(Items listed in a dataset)
Segment Open

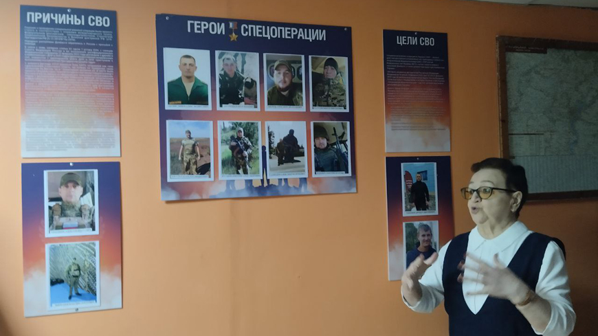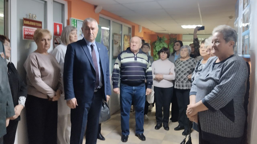 Встреча стартовала с церемонии открытия стенда «Герои спецоперации», на который занесли участников СВО — родственников сотрудников дома-интерната.
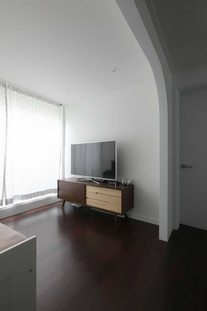 TV 같지 않은 TV (TV가 꺼졌을 때 액자로 쓸 수 있는)를 쓰고 TV장은 놓지 않기로 했어요.
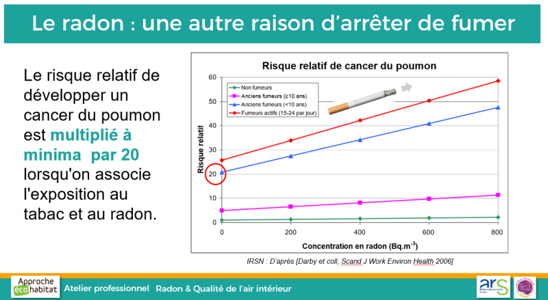 De nombreuses études épidémiologiques ont confirmé la contribution du radon dans la survenue du cancer du poumon, surtout chez les personnes exposées au tabac.
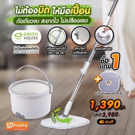 • Green House ไม้ม็อป พร้อมถังปั่น รุ่น Flat Spin ซื้อ 1 แถม 1 พร้อมผ้าไมโครไฟเบอร์ 4 ผืน
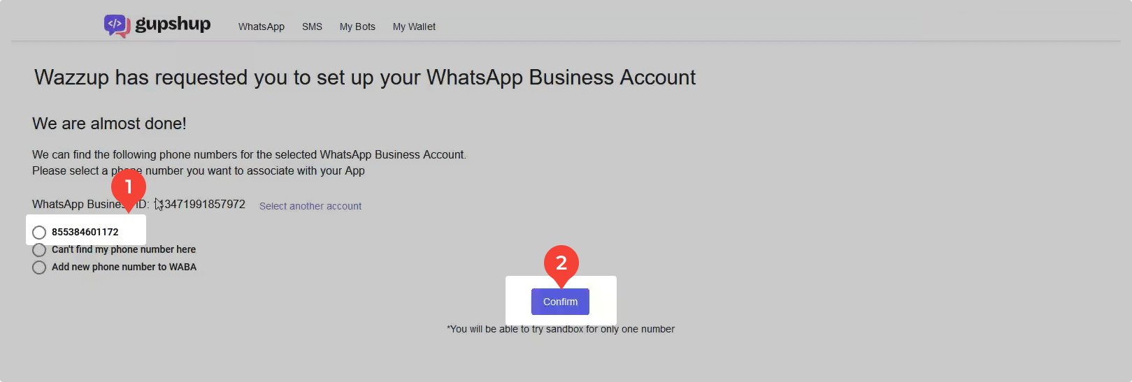 La pestaña se actualizará automáticamente. Aparecerá en la pantalla una lista de números asociados a su cuenta de WhatsApp Business. Seleccione el número al que se está conectando → toque "Confirm" → y nuevamente toque "Confirm".
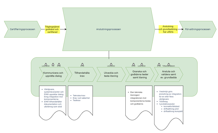 - De tester som måste genomföras för att bli godkänd för anslutning. E-hälsomyndigheten bistår med testmiljöer
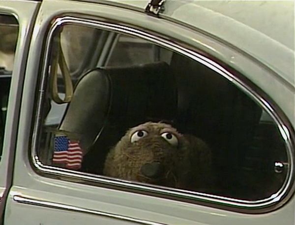 SCENE 1 | Gina has lost sight of Wolfgang and wonders where he went. Meanwhile, Luis and Gordon peer out of the 123 Sesame Street doors to make sure the coast is clear, explaining to Gina they're going fishing and don't want Wolfgang to know since he'll scare the fish away. Since the seal's out of sight, they quickly load up Gordon's car and head inside. However, as soon as they start the car, Wolfgang reveals that he has been in the back seat the entire time. |
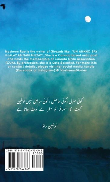 If you love Urdu Poetry , this book will definitely add value to your book collection The author, Nosheen Rao is the writer of Ghazals like "UN ANKHO SAY UJALAY AB NAHI MILTAY". She is a Canada based urdu poet and holds the membership of Canada Urdu Association (CUA). For more info or contact details , please visit her social media handle (Facebook or Instagram ) at "NosheensDiaries " Please note this is a Urdu poetry book and written in Urdu Text.
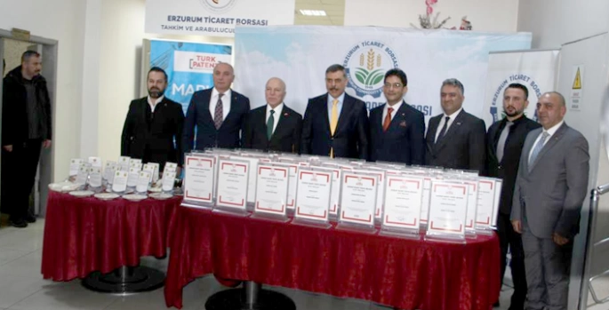 60 coğrafi işaretli ürünle Gaziantep ve Konya'dan sonra gelen Erzurum'da, Türk Patent ve Marka Kurumu Başkanı Prof. Dr. Muhammed Zeki Durak'ın katılımıyla son olarak alınan coğrafi işaretli ürünlerin belgeleri teslim edildi. Programda birer konuşma yapan Erzurum Ticaret Borsası Başkanı Hakan Oral, Erzurum Ticaret ve Sanayi Odası Başkanı Saim Akalın, Erzurum Büyükşehir Belediye Başkanı Mehmet Sekmen ve Erzurum Valisi Mustafa Çiftçi; Erzurum'un sahip olduğu kadim tarihi ve kültürel değerleriyle turizm noktasında hak ettiği noktaya geleceğini ifade ettiler.
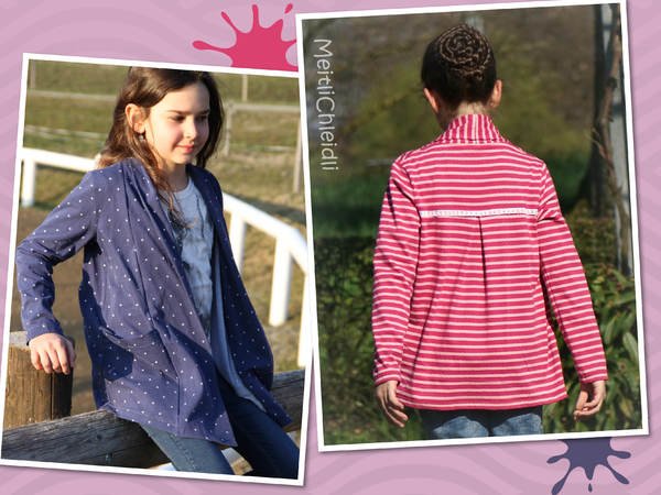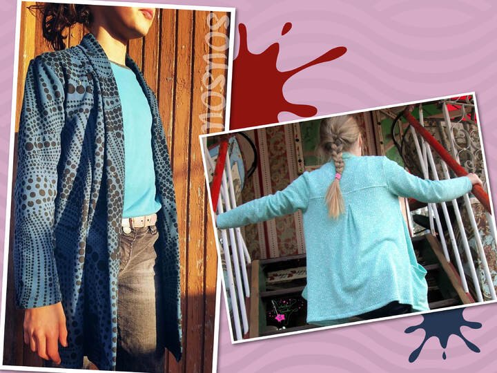 Der klecksMACS Cardigan "Open Sea" für Mädchen ist eine luftig-leichte Oberbekleidung für die Übergangszeit, aber auch an lauen Sommerabenden ein idealer Begleiter. Der breite Besatz an Vorder- bzw. Rückenteil dient als Schalkragen und fällt besonders schön mit dünnen, weich fließendem Stoff. Die abgeschrägten Taschen sind nicht nur praktisch, sondern auch ein zusätzlicher Hingucker. Je nach Wunsch kann der Cardigan mit langen oder kurzen Ärmeln genäht werden.
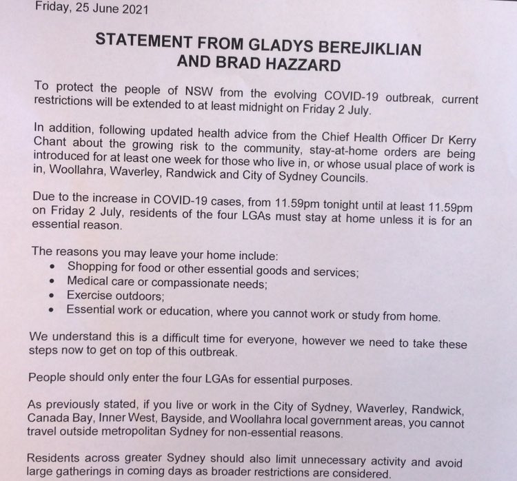 Effective as of 11:59pm tonight anyone who lives or works in the local government areas (lgas) of waverly, woollahra, randwick and city of sydney will now be under stay at home orders. From 6pm friday night, the local government areas of noosa, sunshine coast, ipswich, logan, redlands, gold coast, scenic rim, lockyer valley, somerset and townsville will come out of lockdown. Jun 26, 2021 · sydney lockdown rules explained: Jun 25, 2021 · these lockdown orders are in addition to previous restrictions placed on greater sydney, including canada bay, inner west, and bayside councils in addition to the four locked down lgas. Jun 25, 2021 · the news comes as the state records 11 new cases of coronavirus reported to 8pm (six previously reported on thursday morning) and an additional 17 cases overnight. All of southeast queensland and townsville have been in lockdown for three days to help authorities trace and contain six separate and unlinked. Jun 25, 2021 · nsw covid updates: The conditions you need to know. Four sydney lgas thrown into lockdown: What you can and can't do. Lockdown for 4 sydney lgas, 22 new cases.
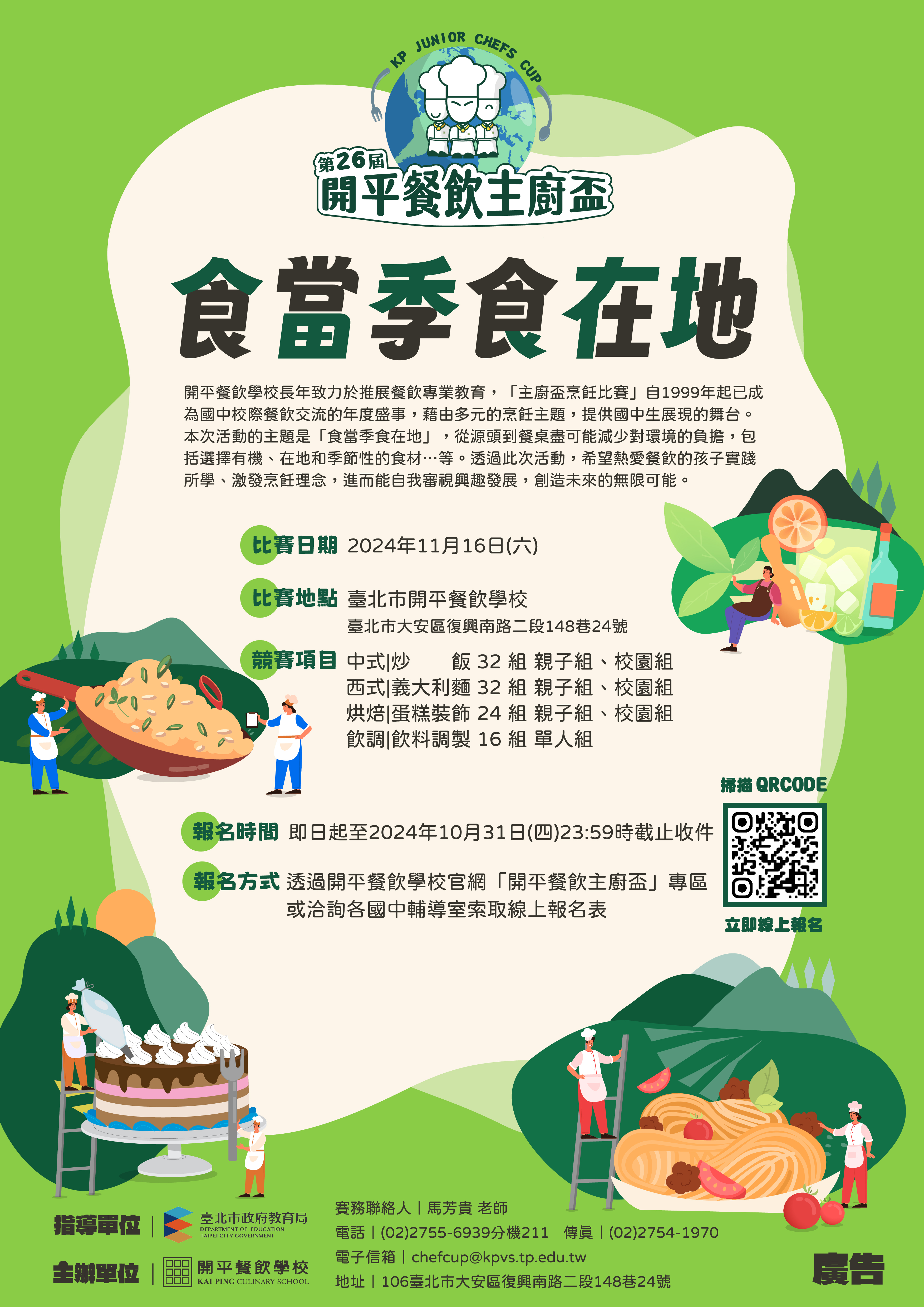 5.詳細比賽資訊請參閱第26屆開平餐飲主廚盃網頁(https://sites.google.com/kpvs.tp.edu.tw/kpvsjcc)或逕洽聯絡人:馬老師,連絡電話:02-2755-6939轉211。

Segment Closed

Out of the records above, return only the lines from the one with "SCENE 1 | Gina" through the one with "Der klecksMACS Cardigan", exactly, and none of the pictures.

 SCENE 1 | Gina has lost sight of Wolfgang and wonders where he went. Meanwhile, Luis and Gordon peer out of the 123 Sesame Street doors to make sure the coast is clear, explaining to Gina they're going fishing and don't want Wolfgang to know since he'll scare the fish away. Since the seal's out of sight, they quickly load up Gordon's car and head inside. However, as soon as they start the car, Wolfgang reveals that he has been in the back seat the entire time. |
 If you love Urdu Poetry , this book will definitely add value to your book collection The author, Nosheen Rao is the writer of Ghazals like "UN ANKHO SAY UJALAY AB NAHI MILTAY". She is a Canada based urdu poet and holds the membership of Canada Urdu Association (CUA). For more info or contact details , please visit her social media handle (Facebook or Instagram ) at "NosheensDiaries " Please note this is a Urdu poetry book and written in Urdu Text.
 60 coğrafi işaretli ürünle Gaziantep ve Konya'dan sonra gelen Erzurum'da, Türk Patent ve Marka Kurumu Başkanı Prof. Dr. Muhammed Zeki Durak'ın katılımıyla son olarak alınan coğrafi işaretli ürünlerin belgeleri teslim edildi. Programda birer konuşma yapan Erzurum Ticaret Borsası Başkanı Hakan Oral, Erzurum Ticaret ve Sanayi Odası Başkanı Saim Akalın, Erzurum Büyükşehir Belediye Başkanı Mehmet Sekmen ve Erzurum Valisi Mustafa Çiftçi; Erzurum'un sahip olduğu kadim tarihi ve kültürel değerleriyle turizm noktasında hak ettiği noktaya geleceğini ifade ettiler.
 Der klecksMACS Cardigan "Open Sea" für Mädchen ist eine luftig-leichte Oberbekleidung für die Übergangszeit, aber auch an lauen Sommerabenden ein idealer Begleiter. Der breite Besatz an Vorder- bzw. Rückenteil dient als Schalkragen und fällt besonders schön mit dünnen, weich fließendem Stoff. Die abgeschrägten Taschen sind nicht nur praktisch, sondern auch ein zusätzlicher Hingucker. Je nach Wunsch kann der Cardigan mit langen oder kurzen Ärmeln genäht werden.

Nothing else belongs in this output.